Migratory Songbirds Transport Amblyomma longirostre and Amblyomma maculatum Ticks to Canada

Birds transport ticks into Canada during northward spring migration, and some of these ticks are infected with tick-borne zoonotic pathogens. Some Amblyomma species harbour pathogens that cause debilitating diseases that can be fatal to humans, and domestic and wildlife animals. At least 65 Amblyomma spp. are indigenous in the Western Hemisphere, and approximately half bite humans. Amblyomma longirostre carries Rickettsia amblyommatis which causes spotted fever group rickettsiosis, a febrile disease in humans. Additionally, Amblyomma maculatum harbors and transmits Rickettsia parkeri, a spotted fever group rickettsiosis, and this tick bites humans.
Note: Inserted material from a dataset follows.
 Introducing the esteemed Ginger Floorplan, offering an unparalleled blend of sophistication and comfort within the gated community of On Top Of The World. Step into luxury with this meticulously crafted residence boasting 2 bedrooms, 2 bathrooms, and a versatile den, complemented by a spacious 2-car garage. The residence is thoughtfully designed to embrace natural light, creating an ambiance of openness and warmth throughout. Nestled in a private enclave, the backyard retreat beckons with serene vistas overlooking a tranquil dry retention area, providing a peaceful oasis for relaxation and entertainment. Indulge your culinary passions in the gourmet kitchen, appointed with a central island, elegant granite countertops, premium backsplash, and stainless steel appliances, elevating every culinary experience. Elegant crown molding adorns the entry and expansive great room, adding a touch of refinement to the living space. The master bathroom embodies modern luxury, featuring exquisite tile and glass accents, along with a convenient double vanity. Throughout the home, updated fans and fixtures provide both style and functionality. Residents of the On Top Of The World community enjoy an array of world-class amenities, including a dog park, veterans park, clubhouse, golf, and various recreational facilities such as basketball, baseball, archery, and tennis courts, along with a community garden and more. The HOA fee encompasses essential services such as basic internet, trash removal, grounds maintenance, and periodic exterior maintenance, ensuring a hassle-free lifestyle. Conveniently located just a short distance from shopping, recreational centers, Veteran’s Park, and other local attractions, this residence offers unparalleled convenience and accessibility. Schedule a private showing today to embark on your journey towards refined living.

In the present study, we use two technologies to identify ticks. To confirm identification, we took microphotographs followed by DNA barcoding of the cytochrome c oxidase I gene. Based on molecular analysis, we confirmed that the two Amblyomma spp. were Amblyomma longirostre, a neotropical tick and Amblyomma maculatum, the Gulf Coast tick. Based on our tick-bird findings, we confirm that migratory songbirds transport Amblyomma ticks into Canada, and have the potential, either directly or indirectly, to transmit tick-borne zoonotic pathogens to humans.
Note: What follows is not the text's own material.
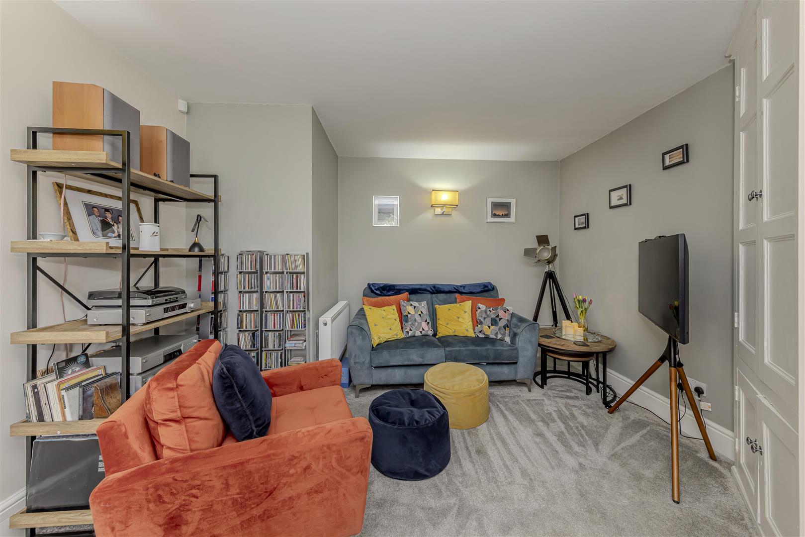 Carpet. Two radiators. Open fire with a ceramic tiled hearth and wooden surround. Three wall lights. Original arched window to the rear aspect with built-in shutters. Original built-in storage cupboards.

Migratory birds transport ticks into Canada from as far south as the Neotropics. Because of the large number of Amblyomma spp. (Acari: Ixodidae), confirmatory identification can be a challenge. Ticks consist of 14 genera, and Amblyomma is the third largest species [1]. The distribution of Amblyomma spp. is worldwide, and are mainly indigenous in humid, tropical or subtropical regions [2]. Globally, there are at least 138 Amblyomma spp., and 63 (46%) of these species bite humans [1]. Virtually all terrestrial vertebrae species serve as hosts, and at least 65 Amblyomma spp. have been reported in the Western Hemisphere. In Brazil, nymphs of 27 Amblyomma species have been collected and described [3]. In Mexico, 26 Amblyomma spp. have been reported, including A. maculatum and A. longirostre [4]. In Venezuela, 25 Amblyomma spp. are native [5]. Amblyomma longirostre and A. maculatum were previously reported in migrating passerines entering Canada during spring migration [6-11]. Proper identification of Amblyomma spp., which infest northbound migratory songbirds (Order: Passeriformes), is a formidable task.
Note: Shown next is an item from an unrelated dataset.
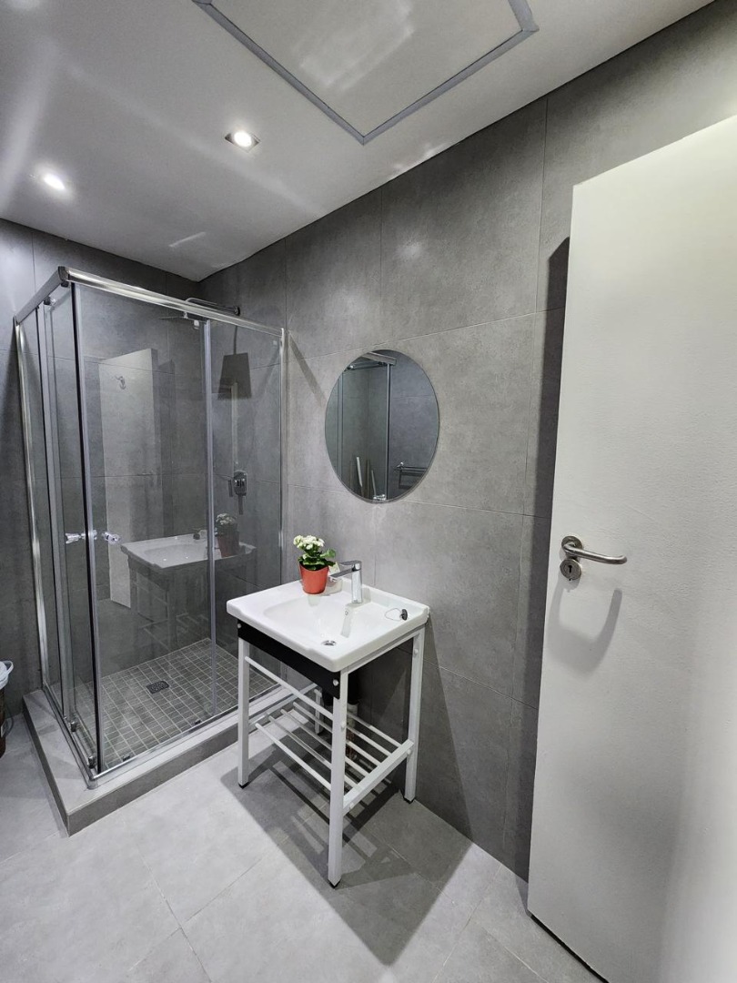 The compact, L-shaped kitchen is well-appointed with modern dark wood cabinetry, complemented by granite-look countertops and a characterful brick-style backsplash. It comes equipped with an integrated oven, hob, and dishwasher, providing essential amenities for daily living. The sleek, modern bathroom features gray tiled walls and flooring, a glass-enclosed walk-in shower, a freestanding basin, and recessed lighting, ensuring a clean and functional space.

Amblyomma larvae and nymphs parasitize passerines, whereas adults infest non-avifauna. In order to identify these juvenile ticks to the species level requires two algorithms: (i) rear larvae and nymphs to the adult stage, and use taxonomic keys, or (ii) use molecular characterization [12]. Based on the native area of Amblyomma ticks, southern temperate and neotropical songbirds transport Amblyomma spp. from as far south as Central America, the Caribbean Islands, and the northern part of South America.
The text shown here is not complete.